When considering superannuation policy, one of the fundamentals we look for, as does the superannuation industry, is certainty. If an individual commits to a superannuation related investment strategy today, do we know the outcome from a taxation and superannuation law point of view?
In the lead up to the 2016 Federal Budget, one of the few things ruled out was changes to superannuation. We were expecting some changes to the taxation of superannuation on the night, however the changes have gone further than anticipated that will have a negative impact on superannuation and the industry.
The superannuation package did contain some positive reform. The simplification of the contribution rules allowing contributions to be made up to age 74 and removing the tests for personal contribution to be claimed as a deduction simplifies the system and reduces the red tape when contributing to superannuation.

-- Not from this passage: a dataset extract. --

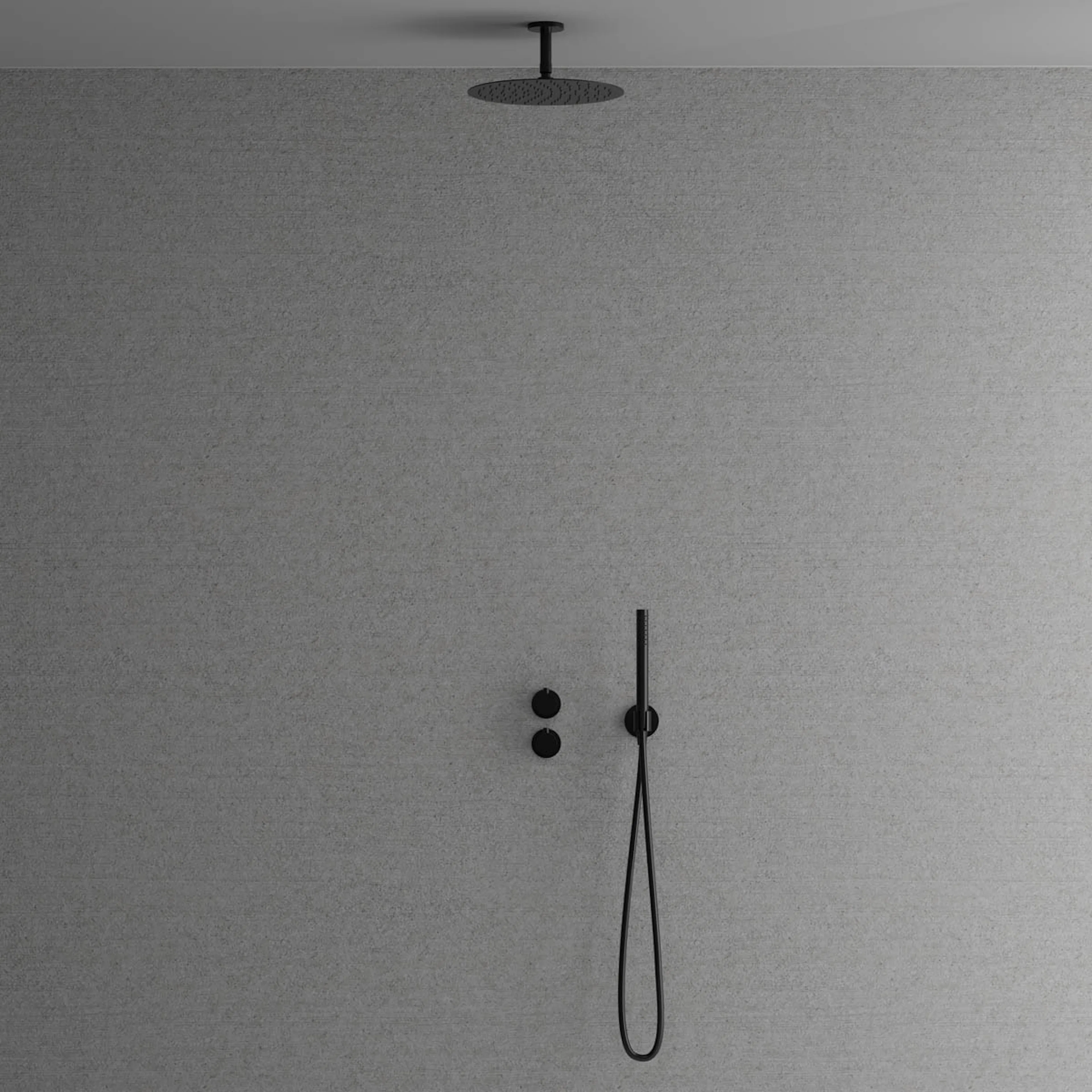 Dold montering bakom vägg ger badrummet ett minimalistiskt och harmoniskt intryck. Inkluderar en tunn takmonterad taksil med generös omkrets samt en cylindrisk handdusch som avger ett mjukt behagligt vattenflöde med bred spridning. Tidlös design som samspelar med ett skandinaviskt formspråk.
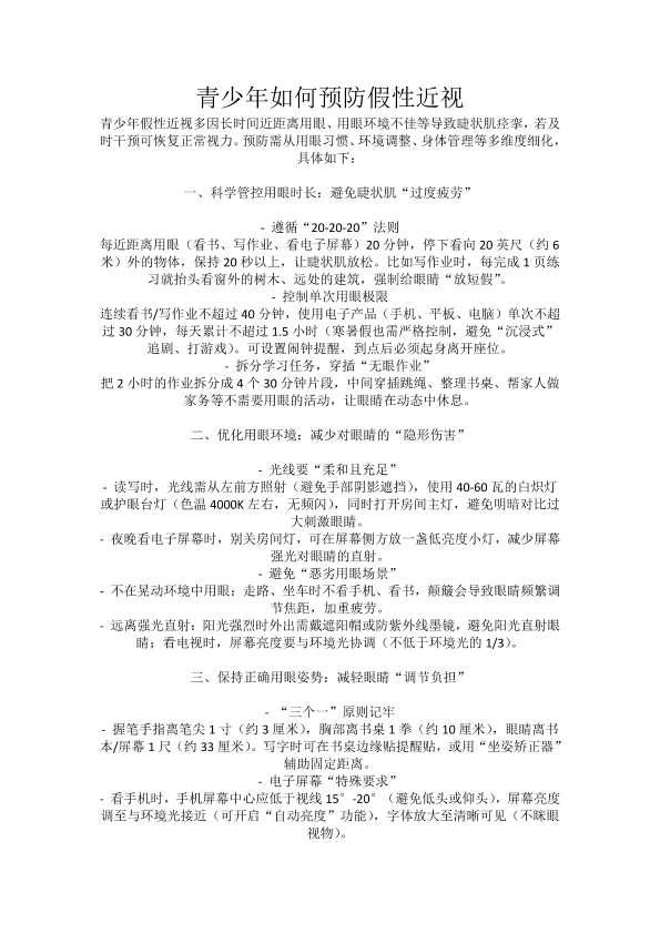 青少年如何预防假性近视

Allowing individuals with less than $500,000 of superannuation to carry forward previously unused concessional contribution limits will help those taking time out of the work force to make tax effective contributions to build up their superannuation balance.
On the negative front, the introduction of the life time cap on non-concessional contributions is confusing and in many cases has impacted on plans already in place. This announcement is effective from budget night and all contributions since 1 July 2007 are impacted. As a result, individuals who contributed to superannuation knowing the contribution limits in place at the time may now be impacted by this change.
The limitation of pension accounts to $1.6m has reduced confidence in the system.
The ultimate confusion is that an election has been called and the announcements are not law. However all members and their advisers have to rely on is an announcement in the budget papers when planning superannuation contributions and withdrawals.